Mini Review - (2024) Volume 12, Issue 1
Received: 01-Jan-2024, Manuscript No. JCMG-24-129845;
Editor assigned: 03-Jan-2024, Pre QC No. P-129845;
Reviewed: 17-Jan-2024, QC No. Q-129845;
Revised: 23-Jan-2024, Manuscript No. R-129845;
Published:
30-Jan-2024
, DOI: 10.37421/2472-128X.2024.12.265
Citation: Carlie, Myles. “Enzymes Immobilized into Starch and
Gelatin Based Hydrogels: Applications, Advantages and Challenges.” J Clin
Med Genomics 12 (2024): 265.
Copyright: © 2024 Carlie M. This is an open-access article distributed under the terms of the Creative Commons Attribution License, which permits unrestricted use, distribution, and reproduction in any medium, provided the original author and source are credited.

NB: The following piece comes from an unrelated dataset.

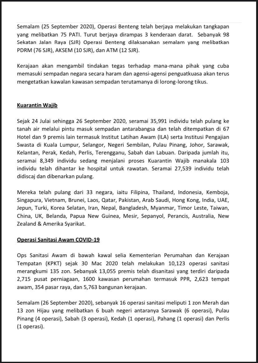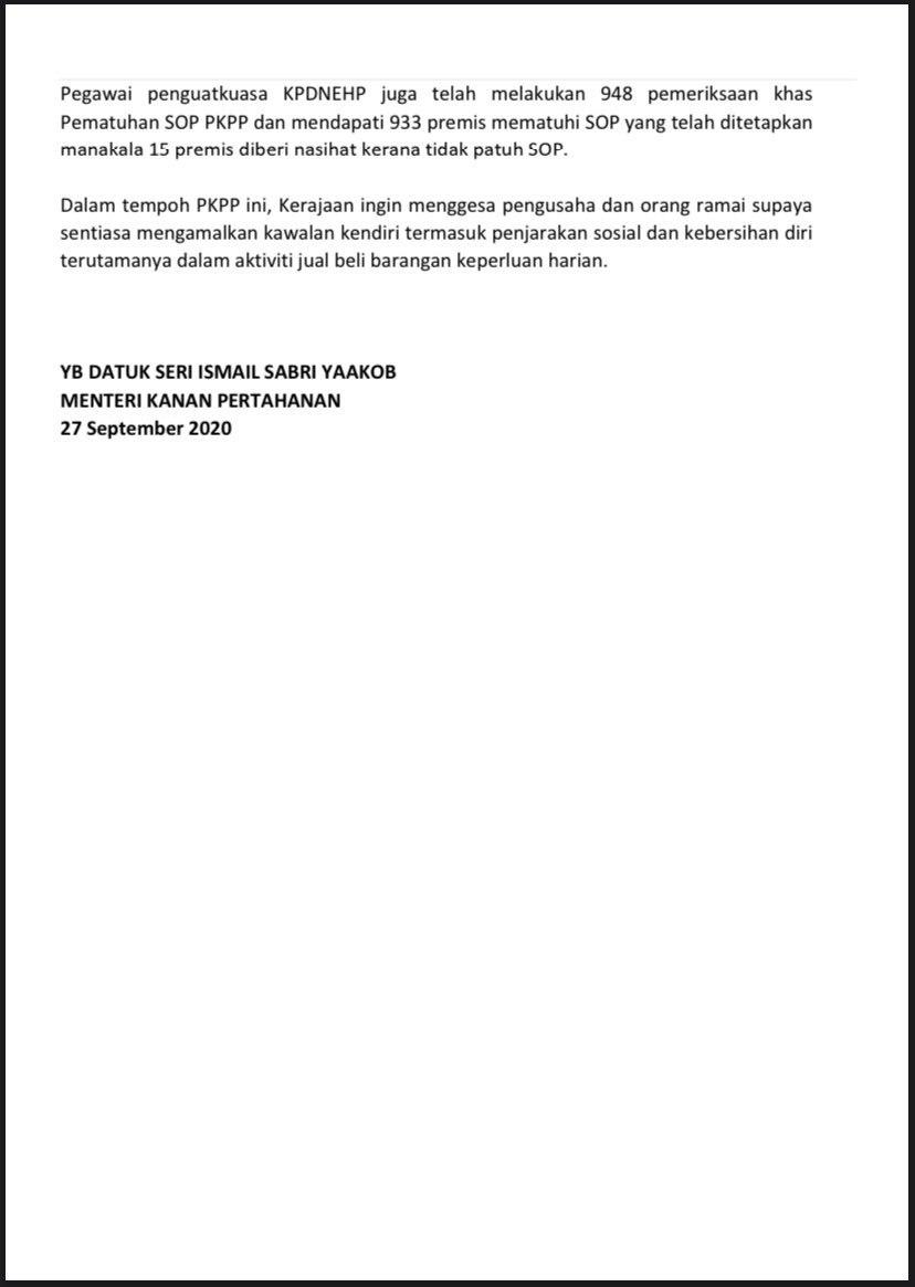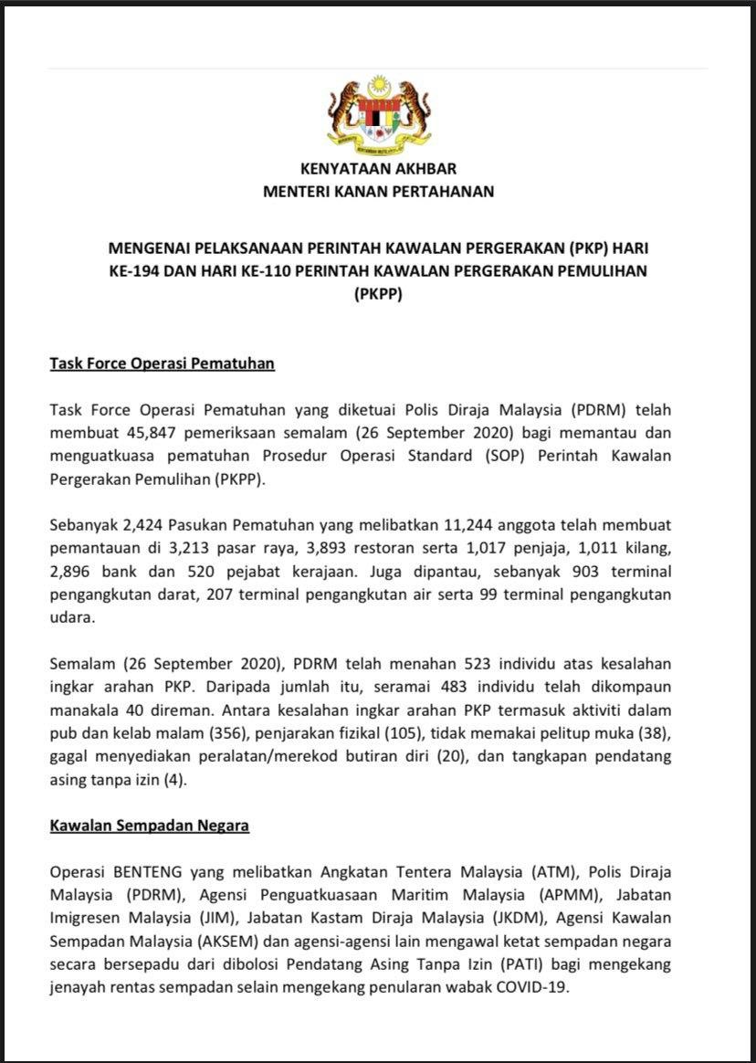 Kenyataan Akhbar Menteri Kanan Pertahanan 27/09/2020 0200 PM Aiman Siaran Media 27 September 2020 Jumlah paparan: 804 Rating: ( 0 Rating ) Sila beri kadar Undi 1 Undi 2 Undi 3 Undi 4 Undi 5 /bencana2/images/ndcc/documents/covid19/siaranmedia202009/SIARAN_MEDIA_KKM_20200927_.03pdf Facebook Twitter Seterusnya Seterusnya
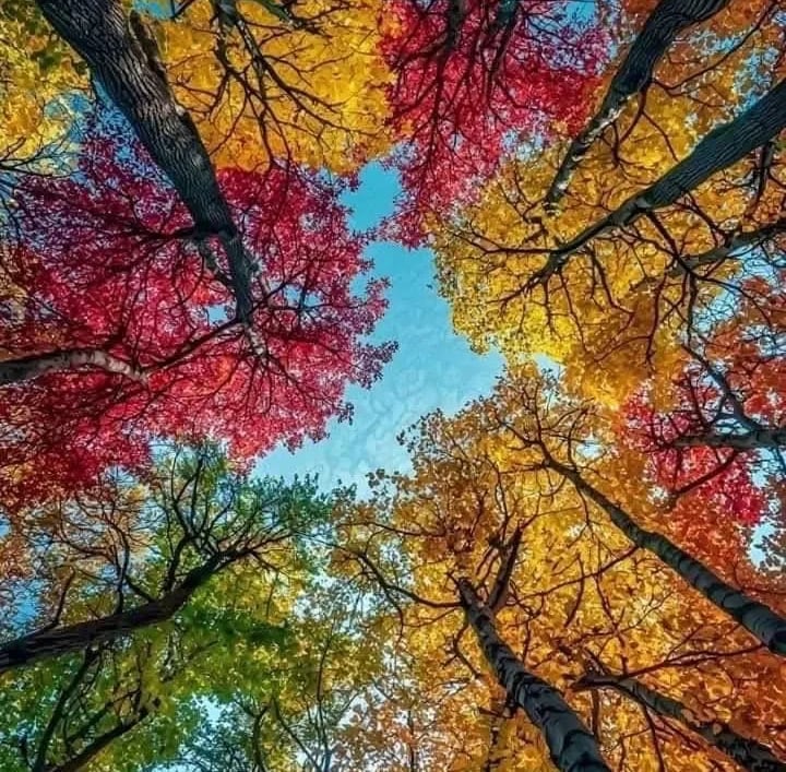 A glimpse skyward through autumn trees reveals life's journey—each color a season of struggle, growth, and the resilient faith that anchors us through change.

Enzyme immobilization within hydrogel matrices offers a promising avenue for enhancing enzyme stability, reusability, and activity retention. Starch- and gelatin-based hydrogels have emerged as versatile matrices for enzyme immobilization due to their biocompatibility, biodegradability, and ease of fabrication. This article provides an overview of the methods for immobilizing enzymes into starch- and gelatin-based hydrogels, explores their applications across various industries, discusses the advantages and challenges associated with this approach, and highlights recent advances in the field.
Hydrogel matrices • Gelatin based hydrogels • Versatile matrices
Enzymes play a crucial role in numerous industrial processes, including food and beverage production, pharmaceuticals, textiles, and environmental remediation. However, their application is often limited by issues such as low stability, limited reusability, and susceptibility to harsh operating conditions. Immobilization of enzymes within hydrogel matrices offers a solution to these challenges by providing a protective environment that enhances enzyme stability while allowing for easy separation and reuse. Starch and gelatin, being natural polymers, have gained significant attention as matrices for enzyme immobilization due to their biocompatibility, biodegradability, and versatility [1,2].

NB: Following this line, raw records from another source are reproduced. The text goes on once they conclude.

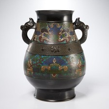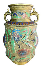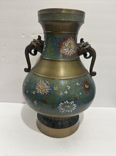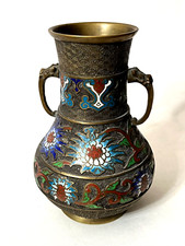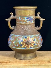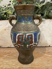 Vintage Japanese Antique Champleve Cloisonne & Bronze Urn Vase
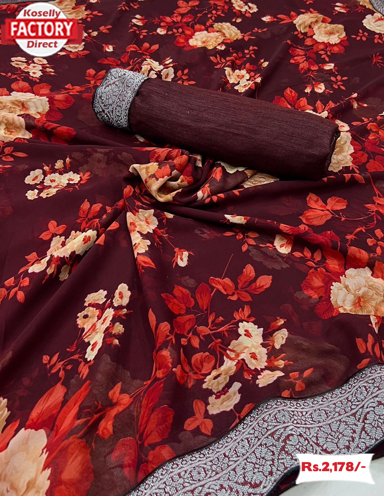Fabric Details - Heavy Weightless Flower Mill Print And Weaving Zari Stitch Border With Banglori Silk Blouse 👚
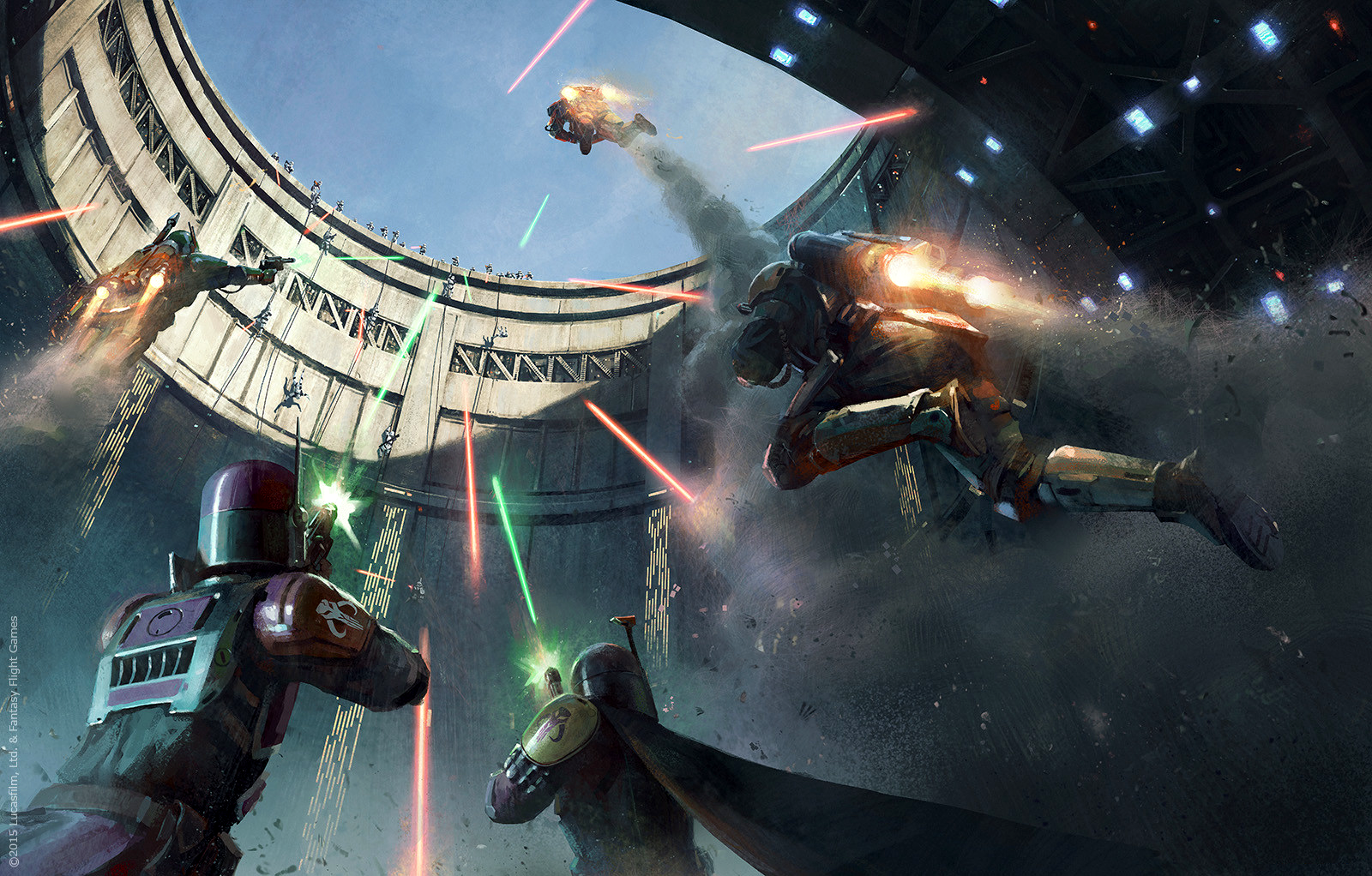 Located beneath Xorrn's surface was Foundry Four, a functioning warren of five separate Geonosian-built droid factories, conjoined by a central command center, a monitoring station deep within the foundry, that was used to oversee the operations of the five factories, and later used to hold meetings of the Clan Assembly. After the collapse of several landing shafts during the Clone Wars, two shafts, located at each factory, remained active and were used for the importing of raw materials and exporting products finished within the facility. Each shaft ran 400 meters below the surface to a corvette-sized landing platform located near a staging area used for cargo.[1]
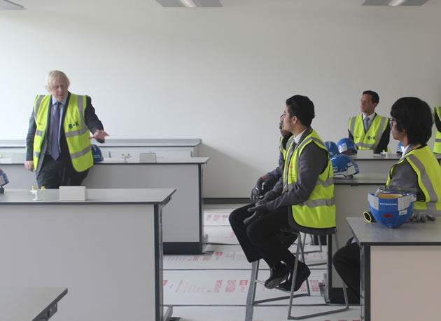Boris Johnson talks to pupils at Ealing Fields school

Starch-based hydrogels can be prepared through various methods, including physical crosslinking, chemical crosslinking, and enzymatic crosslinking. Physical crosslinking involves the use of physical interactions such as hydrogen bonding or crystalline domains to form the hydrogel network. Chemical crosslinking utilizes chemical agents such as glutaraldehyde or epichlorohydrin to covalently link the starch molecules. Enzymatic crosslinking involves the use of enzymes such as transglutaminase to catalyze the formation of crosslinks between starch molecules, Gelatin-based hydrogels are typically formed through physical or chemical crosslinking of gelatin molecules. Physical crosslinking methods include temperature-induced gelation or the use of physical agents such as ions or Ultraviolet (UV) radiation. Chemical crosslinking involves the use of crosslinking agents such as glutaraldehyde or genipin to form covalent bonds between gelatin molecules [3,4].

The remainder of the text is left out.